Accurate utilization data
DCGM and Prometheus measuring actual GPU utilization, memory, and SM activity per pod, per node, and per job, joined to the user and project that owns the workload. The gap between allocation and use, made visible.
Idle detection and reclamation
Workloads that hold GPUs while doing nothing get flagged and reclaimed: idle interactive sessions culled after a configurable window, zombie pods cleaned up, abandoned jobs terminated. Capacity returns to the queue.
Quota and fair-share scheduling
Quota so one team cannot exhaust the cluster, and fair-share so a team that has used more than its budget yields to one that has not. The queue stays fair without manual arbitration.
Per-user, per-project chargeback records
GPU-hours attributed to the user, project, and cost center that consumed them, exported in a format your finance or FinOps tooling can ingest. We document the attribution methodology so the numbers can survive a dispute.
Reserved vs on-demand analysis
If you rent GPUs, the split between reserved commitments and on-demand capacity is a significant cost variable. We model your actual usage patterns against your pricing and recommend an allocation.
Utilization reporting
Dashboards and exportable reports that answer the questions leadership asks: what was spent, who spent it, what fraction produced useful work, and how the trend is moving.
Two different problems
Internal chargeback vs operator invoicing
Splitting one cluster across your own teams
If you run a shared GPU cluster inside one organization and need to attribute usage to business units, that is workload-level chargeback: who ran what, for how long, sourced from DCGM, job records, and workspace lifecycle.
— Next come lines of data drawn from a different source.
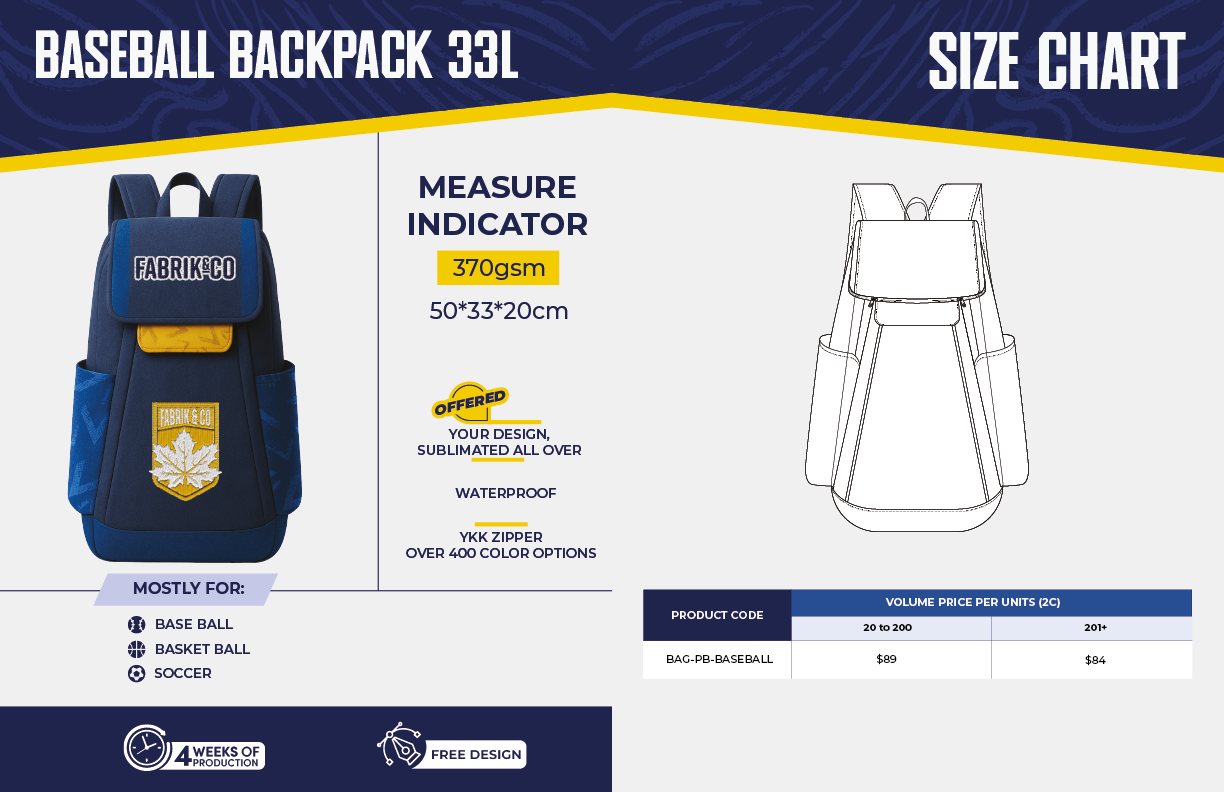 Baseball backpack 33L
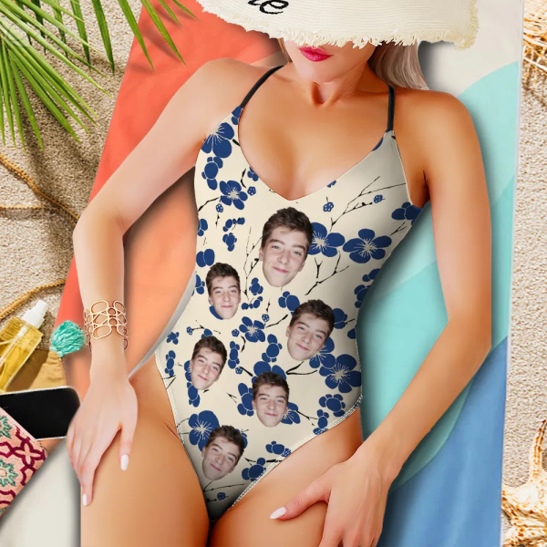 Custom Japanese Art V-neck One-piece Bathing Swimsuit Personalized Flower Straps Swimsuit For Women,gift For Wife
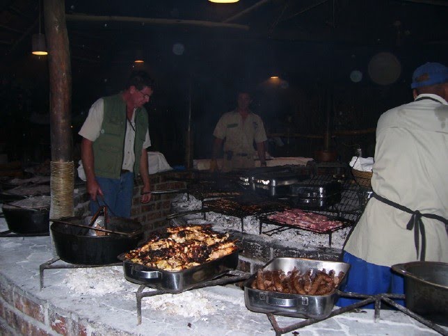 Most of the private game reserves around Port Elizabeth serve traditional South African foods to their guests. Some make it in their kitchens while others do it out in the open on the coals. At Schotia Safaris they prepare the food in their outside lapa in full sight of their guests. Schotia’s owner, Peter Bean, are very hands on in everything that happens on the reserve and in the picture he is braaiing (barbecuing) the lamb chops, chicken sosaties (kebabs) and boerewors (farmer style sausage) that is served as dinner.
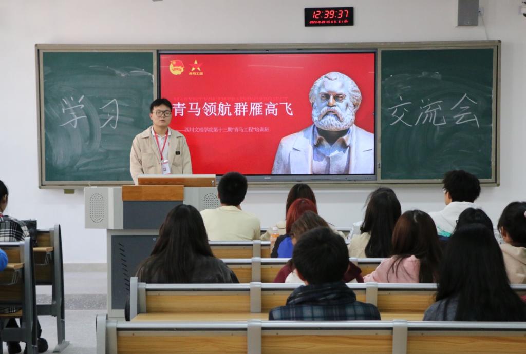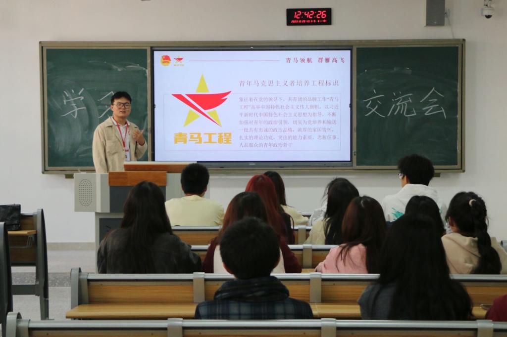 向自杰从党和国家领导人对青年的期望、青马工程的概述与发展历程、太阳成集团tyc151cc的青马工程培养体制、优秀学员的分享四个部分展开介绍。李佳佳从中国共产党与中国式现代化新道路、新时代新作为、学习的心得体会三个方面进行分享。向自杰鼓励大家:作为数院学子,不仅要学习书本知识,更要学习马克思主义理论知识,学习并传承中华优秀传统文化。追求进步是青年最宝贵的品质,是人民最殷切的期望,也是每一个青马人应当具备的品质。
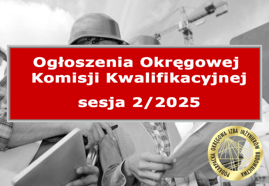 Przewodniczący Okręgowej Komisji Kwalifikacyjnej zawiadamia, iż wnioski o nadanie uprawnień budowlanych w sesji wiosennej 1/2026 można składać : w dniach od 26 stycznia 2026 r. do 6 lutego 2026 r. (liczy się data stempla pocztowego)
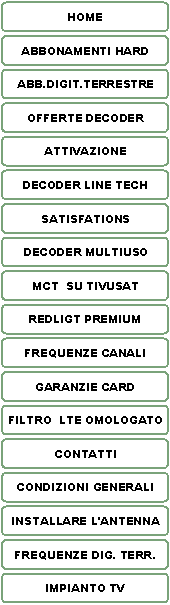 Digisat antenne, è rivenditore: abbonamenti a luci rosse,e card per adulti i canali ricevibili sono : xxx Redlight, MCT MultiChannel television, Inxworld - Freex TV, Dorcel TV, XXL, Sex View, Private Spice, sixxx, Conto TV, Teleitalia, Glamour Plus, Premiere, Euro 1080 HD, Canal Plus, Ab-Sat, BIS, Mediaset Premium, La7 Cartapiu', Quantum, inoltre sono disponibili tutti i marchi prestigiosi delle migliori case: Fuba, Digiquest, kathrein,Humax,Freewave, Invacom, ritar, Televes, Mitan, Tecnotel, Superjack, Stab, Triax, Telesystem, Clarke Tech, Fairmate, Illusion, Dreambox, Emtech videosat,itc,duolabs,matrix,diablo cam,xcam, premium irdeto & viacces,Altamente specializzata in antenne, di tutti i generi parabola, direzionale logaritmica, per frequenze da 0,3 mhz a 6 Ghz off-set,dipoli radioamatoriali, costruzione produzione rorniture, radioamatoriale, tralicci ripetitori analogici o digitali gap-filler, ponti radio wi-fi antenne per 2,4 ghz o 5,4 Ghz ripetitori telefonici per zone d’ombra autorimesse, magazzino, sottopassi, ristoranti, tunnel, gallerie, seminterrati,supermercati, laboratori, edifici pubblici dove il segnale telefonico o il telefonino non prende.Servizio di assistenza tecnica , riparazione di decoder digitali terrestri e satellitari,impianti di antenna centralizzati radio tv, trsferimenti digitali ,Digisat elettronica satellite, da noi puoi trovare: abbonamenti a TV internazionali e per adulti, cam, smart card, parabole, LNB, alimentatori, switch, multiswitch, divisori, modulatori di segnale audio-video,TV e monitor, antenne, supporti, cavi, prese scart, commutatorii, Diseqc a due e quattro uscite ,connettori, ricevitori satellitari, ricevitori DTT, decoder , misuratori di segnale, misuratori di campo Rover , unahom, prodig, programmatori, motori, ripetitori di telecomando, lettori DVD, navigatori satellitari, memory cards, pc cards, telecomandi, vasto assortimento di artcoli e accessori satellite.
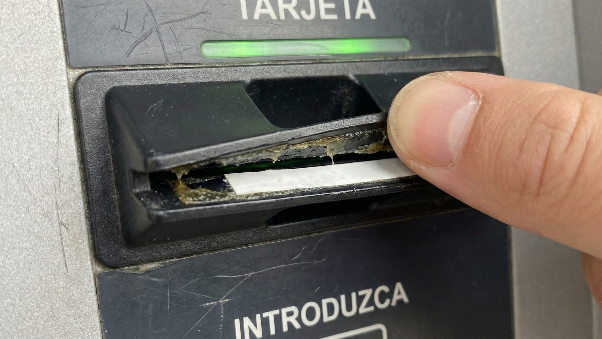 - Revisa la salida del dinero: Pasa el dedo por la ranura por donde salen los billetes. Una modalidad muy común es poner una 'regla' o una placa con pegante industrial para que los billetes se queden atrapados y tú creas que el cajero no dispensó (mientras el ladrón espera a que te vayas para ir a despegarlos).
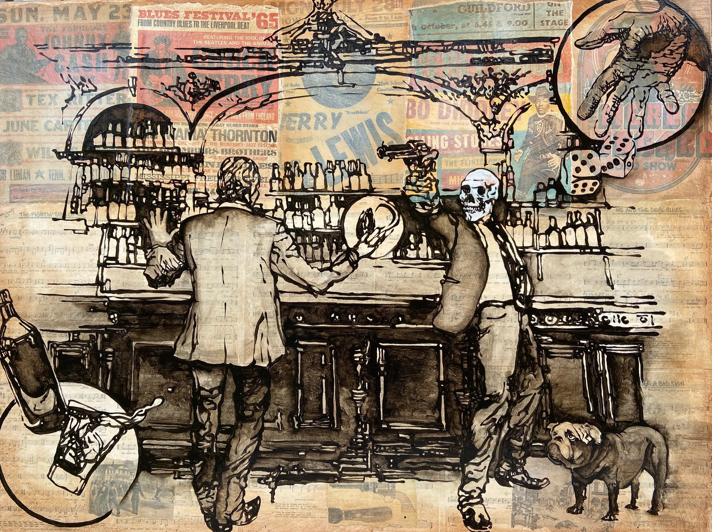 Will’s work is the soundtrack to a road trip; songs and artists are embedded on the towns they made famous. Bo Diddley, Johnny Cash and Deke Dickerson are as much as an influence as Frank Miller and Heinrich Kley. The lines of the road have become indistinguishable from the lines of the pen; just as the subject from location.
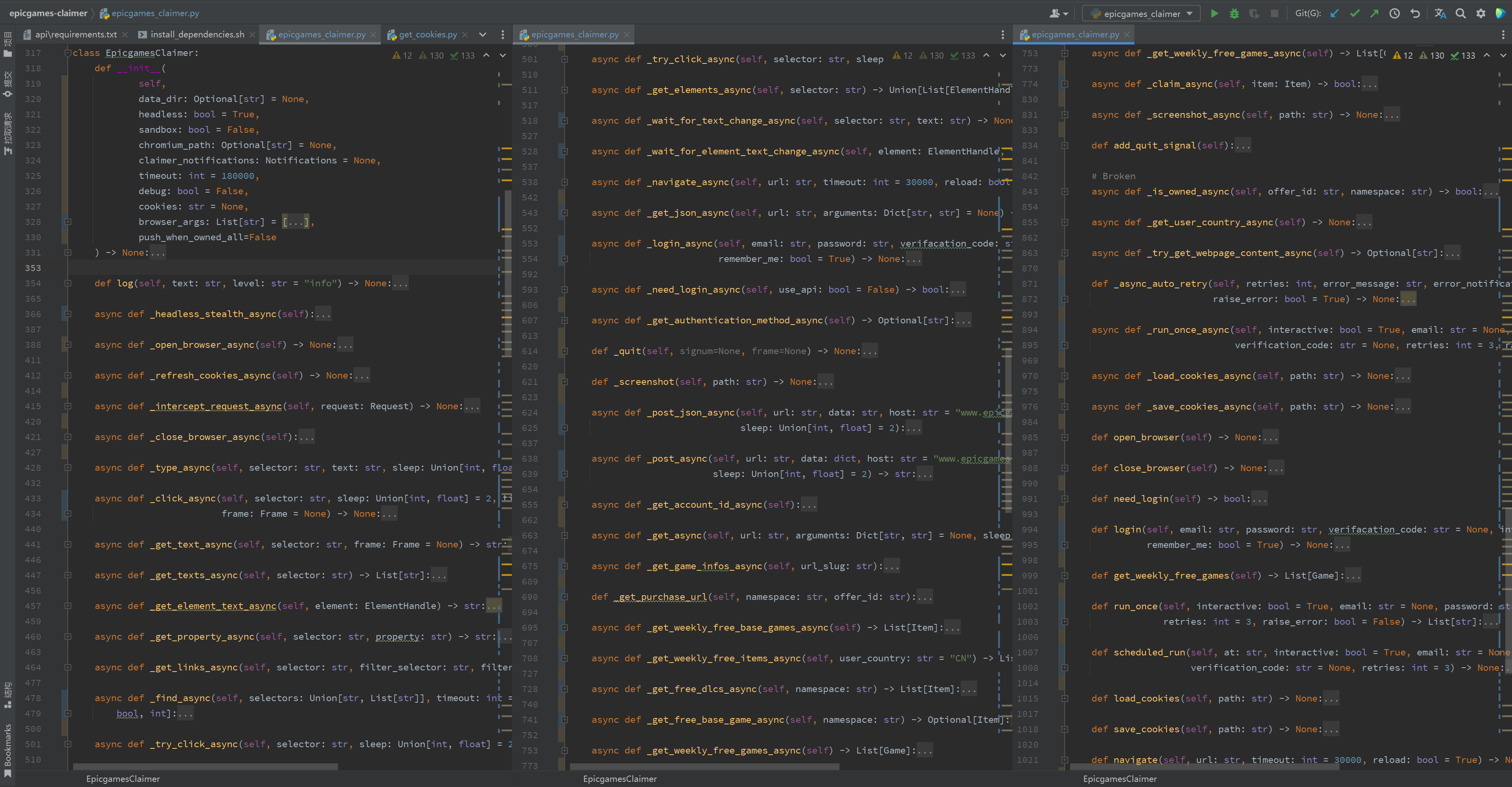 到此阶段,我们可以回顾一下 EpicgamesClaimer 项目中遇到的第一个困难,那便是整个项目与 Puppeteer 强绑定,维护者几乎为每一个原子操作都做了修饰封装,而 puppeteer(也可称 pyppeteer) 与 Selenium 一样都是主流的自动化测试框架,并不具备隐秘特征的能力。所以,维护者几乎只能基于 pyppeteer 的生态寻找类似的解决方案,或基于 pyppeteer 底层特性寻找突破口,或选择 undetected-chromedriver 嫁接开发。但无论选择哪一种,代价都是极其惨痛的。
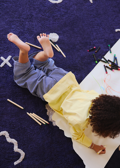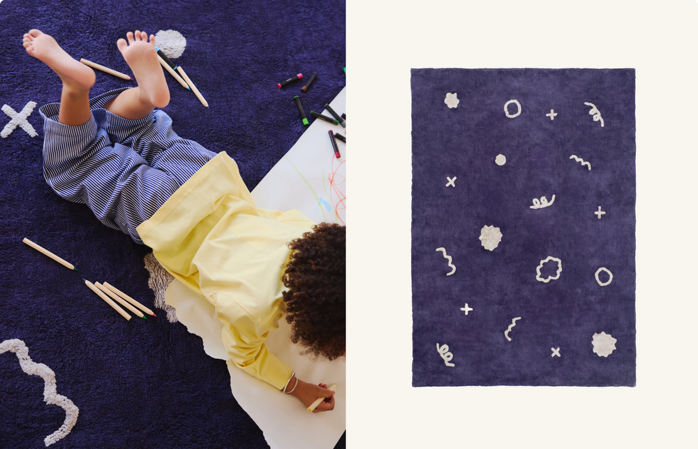 The Kids Organic Cotton rugs are designed with versatile sophistication—playful enough to spark children's imagination, yet refined enough to complement a considered interior scheme. Each design captures energy and character through thoughtful use of colour and pattern, avoiding the overly juvenile aesthetics that quickly feel dated as children grow.
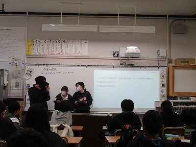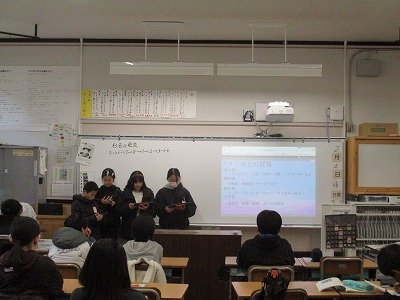 6年社会では、外国と日本とのつながりについて、多面的に調べる学習をしています。そのつながりによる影響はどのようなものがあるか、今後どのような関係で行くとよいのかなどを考え、班でまとめて発表する活動に臨みました。同じテーマで調べていても、資料やデータの出し方がそれぞれの班で違ったり、つながりについての考察も同じ班もあれば全く違う班もあったりして、それぞれ興味深かったです。
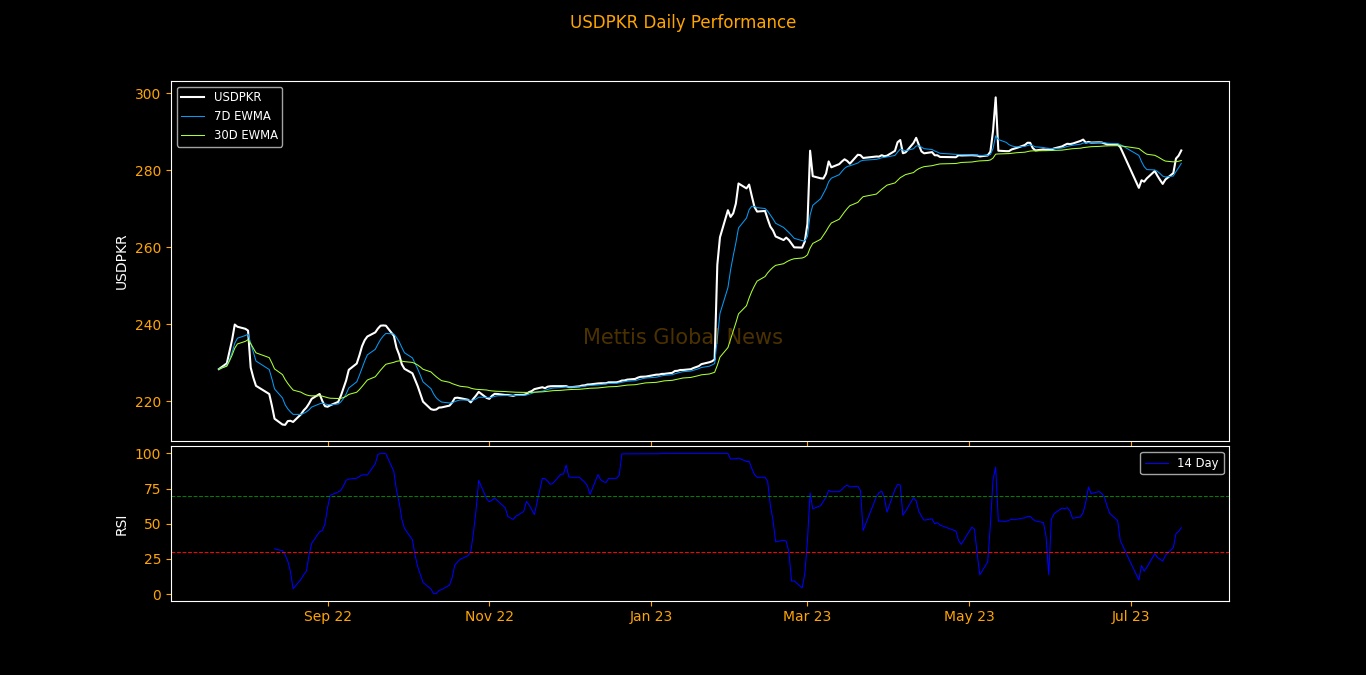 July 20, 2023 (MLN): The Pakistani rupee (PKR) faced more pressure by depreciating around 1.35 rupees against the US dollar in Thursday's interbank session as the currency settled the trade at PKR 285.15 per USD, compared to the previous session's closing of PKR 283.80 per USD.

This is what this page covers.
Billing external tenants for hardware
If you operate a GPU cloud and invoice external customers, the billing unit is hardware-time, not workload-time, and the data source is the allocation ledger, not DCGM. That is a different model covered in the tenant platform service line and the operator chargeback page.
Showback before chargeback
Most organizations start with showback: show each team what they consumed and what it cost, with no money changing hands. The visibility alone changes behavior. Real internal chargeback comes once the numbers are trusted.
Attribution methodology matters
Chargeback only holds up if the team being charged believes the number. We attribute carefully across whole-GPU, MIG slice, shared node, and idle time cases, and document the methodology so it survives the first dispute.
Where GPU spend goes to waste
Common sources, and what we do about each
| Source | What we do |
|---|---|
| Idle interactive sessions | Auto-shutdown after a configurable idle window, so a notebook left open overnight stops holding a GPU. |
| Zombie and abandoned pods | Detection and reaping of pods that hold GPUs without running useful work. |
| Over-allocated jobs | Right-sizing: identifying where a MIG slice would suffice, or where fewer GPUs are warranted based on observed utilization. |
| Capacity hoarding | Quota and fair-share so capacity is shared rather than held by whichever team submits first. |
| Wrong reserved/on-demand split | Usage modeling against your pricing to minimize total cost. |
| No accountability | Chargeback that attributes cost to the teams that incurred it, which changes behavior without manual enforcement. |